Rich creamy taste, soft texture and mouth-watering terracotta caramel deserve to be found out about them more people. Therefore, sweets you can treat your family and loved ones. So that the syrup does not begin to crystallize, do not interfere with it after infusion of water and before adding butter and cream, and Cook better by covering with a transparent lid. Also to avoid crystallization can be poured into sugar 1/2 tsp. tartar. Cutting the treat into individual candies will be more convenient with pizza knife slightly sprinkled with vegetable oil.
Recipe author – Gail Gand (USA) – pastry chef and co-owner chicago restaurant TRU
Time: 1 hour. 30 min. Difficulty: easy Amount: 32 (5cm.) Square In recipes volumetric containers are used in volume: 1 cup (tbsp.) – 240 ml. 3/4 cups (st.) – 180 ml. 1/2 cup (tbsp.) – 120 ml. 1/3 cup (Art.) – 80 ml. 1/4 cup (st.) – 60 ml. 1 tablespoon (tbsp) – 15 ml. 1 teaspoon (tsp) – 5 ml.
Ingredients for the recipe:
- 5 tbsp. Sahara
- 1 tbsp. water
- 6 tbsp. l (90 gr.) Butter
- 1 tbsp. fat cream, possibly heated
Recipes with similar ingredients: sugar, butter, cream
Recipe preparation:
- Pour sugar into a clean, dry saucepan. Pour in water, trying make it closer to the edge of the cookware to avoid splashing sugar crystals on the wall.

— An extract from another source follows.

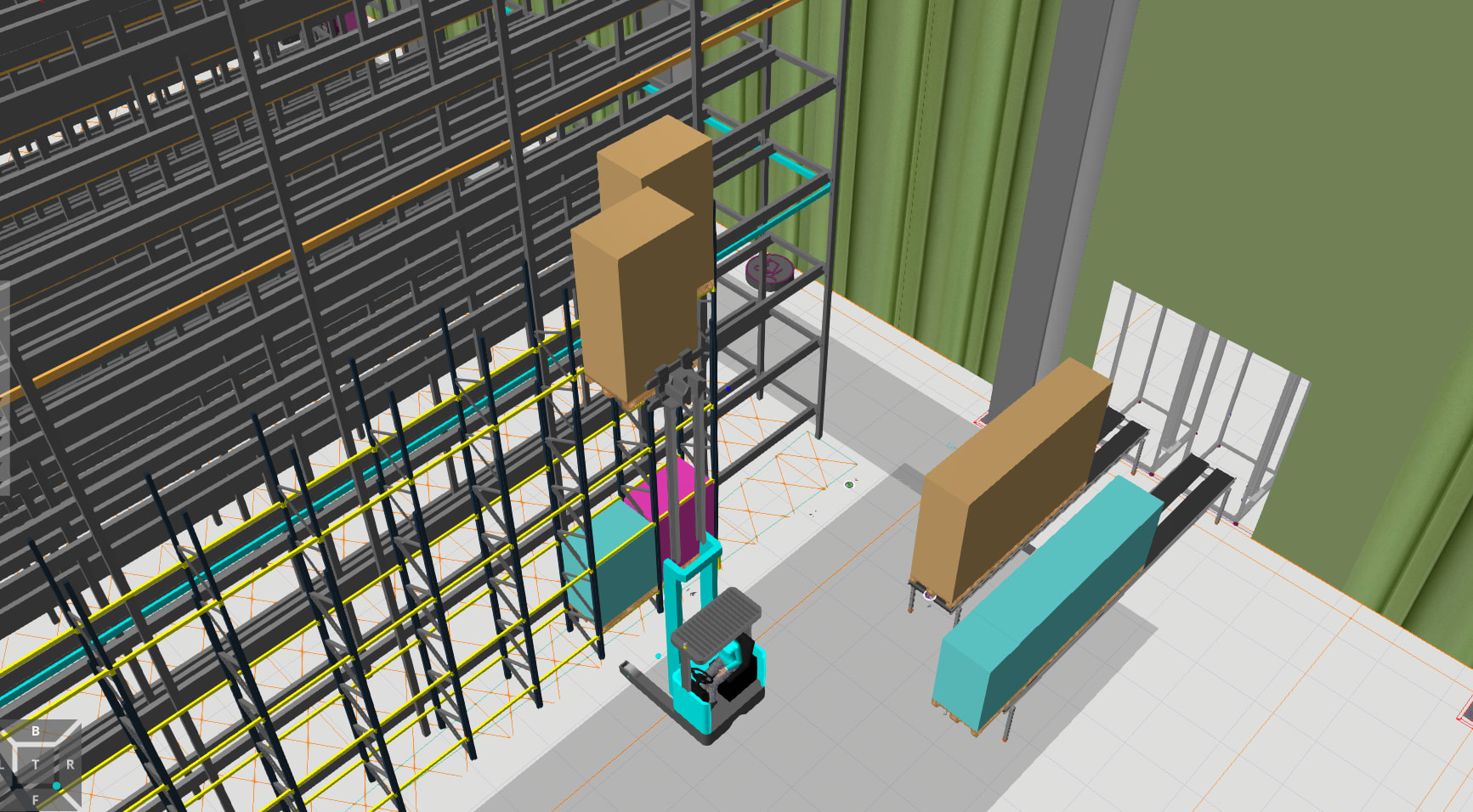 - Pick them up together by reach truck and move to large shelf.

Bring to a boil and cook on high heat until the mass acquires an amber color. Take off plate and a wooden spoon stir the butter, and then cream. Pour in 20 x 20 cm mold covered with well oiled foil. Let the caramels cool and harden. When that happens cut it into squares. Wrap in decorative transparent film. Store at room temperature.